EXERCISE: Please keep pictures out and return the lines below exactly, from the one holding "Таблица среднемесячных температур" through the last, both included.

DATA EXTRACT:
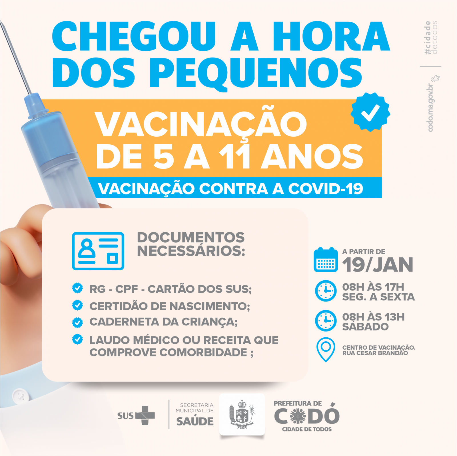 A prefeitura de Codó inicia a vacinação de crianças contra Covid-19 nesta quarta-feira (19), o primeiro grupo apto a receber o imunizante são aquelas que possuem alguma comorbidade ou deficiência entre 5 a 11 anos. Para este grupo, o imunizante estará disponível no Centro de Vacinação na Rua César Brandão, o atendimento ocorre das 08h às 17h de segunda a sexta e de 08h às 13h aos sábados.
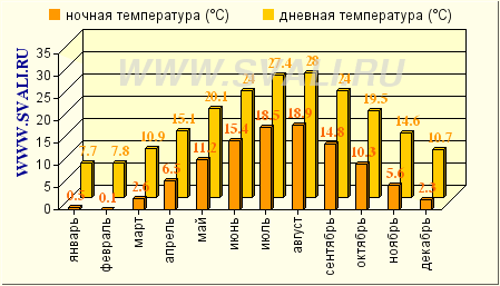 Таблица среднемесячных температур в Геленджике:
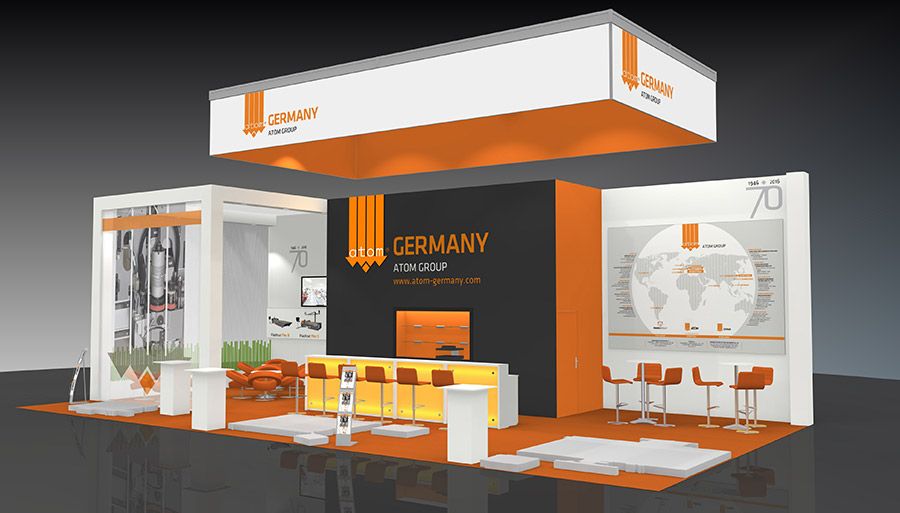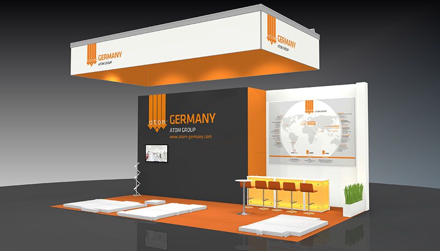 Aufgrund der Vielzahl an Messen, die ATOM in einem Jahr besucht, macht es Sinn ein Konzept zu entwickeln, dass sich auf den verschiedenen Messen variable und dennoch individuell einsetzen lässt. Wichtig hierbei ist, dass der Stand trotz der wechselnden Ausrichtung und Größe, seine Wiedererkennung und Funktionalität nicht verliert.

EXERCISE OUTPUT:
 Таблица среднемесячных температур в Геленджике:
 Aufgrund der Vielzahl an Messen, die ATOM in einem Jahr besucht, macht es Sinn ein Konzept zu entwickeln, dass sich auf den verschiedenen Messen variable und dennoch individuell einsetzen lässt. Wichtig hierbei ist, dass der Stand trotz der wechselnden Ausrichtung und Größe, seine Wiedererkennung und Funktionalität nicht verliert.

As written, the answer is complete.